Records from a dataset
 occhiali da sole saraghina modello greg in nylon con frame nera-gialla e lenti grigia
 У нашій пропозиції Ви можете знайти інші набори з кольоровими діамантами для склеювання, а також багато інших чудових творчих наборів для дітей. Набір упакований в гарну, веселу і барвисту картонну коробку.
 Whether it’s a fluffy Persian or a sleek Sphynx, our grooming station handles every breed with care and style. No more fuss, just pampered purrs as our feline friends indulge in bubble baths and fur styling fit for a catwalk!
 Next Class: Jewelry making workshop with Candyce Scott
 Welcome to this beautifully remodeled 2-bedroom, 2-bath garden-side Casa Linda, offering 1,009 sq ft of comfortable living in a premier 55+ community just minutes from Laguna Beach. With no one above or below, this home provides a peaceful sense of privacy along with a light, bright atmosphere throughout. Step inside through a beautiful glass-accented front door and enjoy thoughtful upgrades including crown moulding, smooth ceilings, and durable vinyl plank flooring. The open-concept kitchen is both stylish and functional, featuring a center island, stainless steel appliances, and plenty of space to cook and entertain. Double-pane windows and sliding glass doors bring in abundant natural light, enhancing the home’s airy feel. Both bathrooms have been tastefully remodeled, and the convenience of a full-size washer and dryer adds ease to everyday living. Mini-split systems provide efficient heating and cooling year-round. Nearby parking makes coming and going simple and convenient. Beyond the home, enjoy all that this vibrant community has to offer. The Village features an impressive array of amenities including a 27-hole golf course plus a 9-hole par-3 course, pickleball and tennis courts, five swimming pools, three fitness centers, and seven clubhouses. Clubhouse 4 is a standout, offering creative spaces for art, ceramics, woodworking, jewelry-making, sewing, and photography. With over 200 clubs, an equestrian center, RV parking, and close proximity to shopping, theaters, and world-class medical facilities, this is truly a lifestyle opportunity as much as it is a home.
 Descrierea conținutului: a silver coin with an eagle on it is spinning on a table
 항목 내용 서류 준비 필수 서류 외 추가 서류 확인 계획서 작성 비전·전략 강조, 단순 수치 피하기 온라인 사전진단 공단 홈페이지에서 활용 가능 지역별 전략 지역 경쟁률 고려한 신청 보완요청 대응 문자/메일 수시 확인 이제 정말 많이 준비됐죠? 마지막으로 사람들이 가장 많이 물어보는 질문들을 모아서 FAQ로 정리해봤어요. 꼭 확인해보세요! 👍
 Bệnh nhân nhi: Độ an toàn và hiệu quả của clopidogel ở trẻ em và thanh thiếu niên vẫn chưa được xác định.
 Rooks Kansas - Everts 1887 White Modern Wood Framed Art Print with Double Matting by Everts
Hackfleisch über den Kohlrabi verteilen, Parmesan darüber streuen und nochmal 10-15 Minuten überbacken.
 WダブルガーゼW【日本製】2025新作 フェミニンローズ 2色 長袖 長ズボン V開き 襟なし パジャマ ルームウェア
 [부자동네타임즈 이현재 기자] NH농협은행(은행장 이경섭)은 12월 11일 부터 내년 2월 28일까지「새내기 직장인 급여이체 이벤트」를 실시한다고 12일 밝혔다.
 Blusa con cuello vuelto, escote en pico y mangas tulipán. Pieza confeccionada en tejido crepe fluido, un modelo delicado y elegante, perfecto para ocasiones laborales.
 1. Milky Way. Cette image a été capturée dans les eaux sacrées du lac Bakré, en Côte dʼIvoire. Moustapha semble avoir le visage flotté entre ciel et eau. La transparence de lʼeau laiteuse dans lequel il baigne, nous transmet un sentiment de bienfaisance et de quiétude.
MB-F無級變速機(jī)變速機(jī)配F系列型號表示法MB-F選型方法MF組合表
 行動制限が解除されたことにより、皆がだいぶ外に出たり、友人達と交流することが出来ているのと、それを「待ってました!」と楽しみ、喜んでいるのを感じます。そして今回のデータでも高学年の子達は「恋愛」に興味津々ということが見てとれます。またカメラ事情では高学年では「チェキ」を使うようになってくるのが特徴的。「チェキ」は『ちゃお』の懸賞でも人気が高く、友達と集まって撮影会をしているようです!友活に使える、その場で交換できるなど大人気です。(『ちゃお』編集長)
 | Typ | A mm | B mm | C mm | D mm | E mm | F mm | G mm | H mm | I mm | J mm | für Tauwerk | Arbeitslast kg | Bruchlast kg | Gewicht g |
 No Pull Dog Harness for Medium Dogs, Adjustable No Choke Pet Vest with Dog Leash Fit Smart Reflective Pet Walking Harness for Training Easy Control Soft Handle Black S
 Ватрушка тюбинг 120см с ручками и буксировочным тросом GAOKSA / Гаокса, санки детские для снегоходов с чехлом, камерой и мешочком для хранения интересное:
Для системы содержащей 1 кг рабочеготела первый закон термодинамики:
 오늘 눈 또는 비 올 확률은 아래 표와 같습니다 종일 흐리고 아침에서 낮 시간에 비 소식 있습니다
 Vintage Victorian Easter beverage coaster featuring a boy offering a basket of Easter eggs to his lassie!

▸ **THE PROBLEM**: Find the line containing "Для системы содержащей", then output it and every line after it to the end of the data, exactly.

▸ **WRITTEN ANSWER**:
Для системы содержащей 1 кг рабочеготела первый закон термодинамики:
 오늘 눈 또는 비 올 확률은 아래 표와 같습니다 종일 흐리고 아침에서 낮 시간에 비 소식 있습니다
 Vintage Victorian Easter beverage coaster featuring a boy offering a basket of Easter eggs to his lassie!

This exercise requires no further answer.